AustLII Home | Databases | WorldLII | Search | Feedback

Social Security Reporter

You are here:  AustLII >> Databases >> Social Security Reporter >> 2010 >> [2010] SocSecRpr 7

Database Search | Name Search | Recent Articles | Noteup | LawCite | Help

Editors --- "Overpayment: delay in raising debt; lack of evidence; waiver; special circumstances" [2010] SocSecRpr 7; (2010) 12(1) Social Security Reporter, Article 7


Overpayment: delay in raising debt; lack of evidence; waiver; special circumstances

SECRETARY TO THE DEEWR and SALANGSANG

(2010/55)

Decided: 27th January 2010 by M.J Carstairs

Background

Mr and Mrs Salangsang were in receipt of sickness allowance (SA) and parenting payment (PP) at the relevant time. In 2007 Centrelink raised 3 overpayments:

• for SA paid to Mrs Salangsang between 8 December 2003 and 14 March 2004 (the ‘SA debt’);

• for PP paid to Mr Salangsang between 8 April 1999 and 24 July 2001 (the ‘first PP debt’); and

• for PP paid to Mr Salangsang between 4 January 2002 and 17 June 2004 (the ‘second PP debt’).
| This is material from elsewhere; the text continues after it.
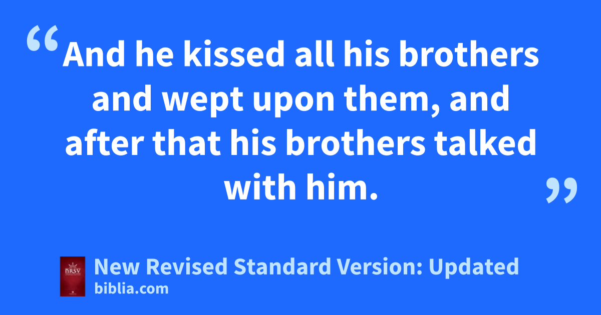 4 Then Joseph said to his brothers, “Come closer to me.” And they came closer. He said, “I am your brother, Joseph, whom you sold into Egypt.* 5 And now do not be distressed or angry with yourselves because you sold me here, for God sent me before you to preserve life.* 6 For the famine has been in the land these two years, and there are five more years in which there will be neither plowing nor harvest. 7 God sent me before you to preserve for you a remnant on earth and to keep alive for you many survivors. 8 So it was not you who sent me here but God; he has made me a father to Pharaoh and lord of all his house and ruler over all the land of Egypt.* 9 Hurry and go up to my father and say to him, ‘Thus says your son Joseph, God has made me lord of all Egypt; come down to me; do not delay. 10 You shall settle in the land of Goshen, and you shall be near me, you and your children and your children’s children, as well as your flocks, your herds, and all that you have.* 11 I will provide for you there, since there are five more years of famine to come, so that you and your household and all that you have will not come to poverty.’ 12 And now your eyes and the eyes of my brother Benjamin see that it is my own mouth that speaks to you. 13 You must tell my father how greatly I am honored in Egypt and all that you have seen. Hurry and bring my father down here.”* 14 Then he fell upon his brother Benjamin’s neck and wept, while Benjamin wept upon his neck. 15 And he kissed all his brothers and wept upon them, and after that his brothers talked with him.

Mrs Salangsang had worked part-time for the Noosa Shire Council (‘the employer’) since 1997 and throughout the period of these debts. Her income was variable. Mr Salangsang did not work during this period. The 3 overpayments were raised following a review of all their payments from 1999 onwards.

The issues

The issues before the Tribunal were, in respect of each of the overpayments, whether the Salangsangs owed a debt to the Commonwealth; and, if so, whether the debt should be recovered.

Background information

Mrs Salangsang’s evidence was that they regularly updated Centrelink about their earnings and so they should not have been overpaid. Although the original decision maker said there was only one occasion (on 13 May 2002) when they notified Centrelink of their income during the course of the review process more evidence was found after Mrs. Salangsang insisted that she had provided information on several other occasions. As a result the Tribunal formed the view that Mrs Salangsang was honest in her belief that she had regularly updated Centrelink about her circumstances during the relevant period.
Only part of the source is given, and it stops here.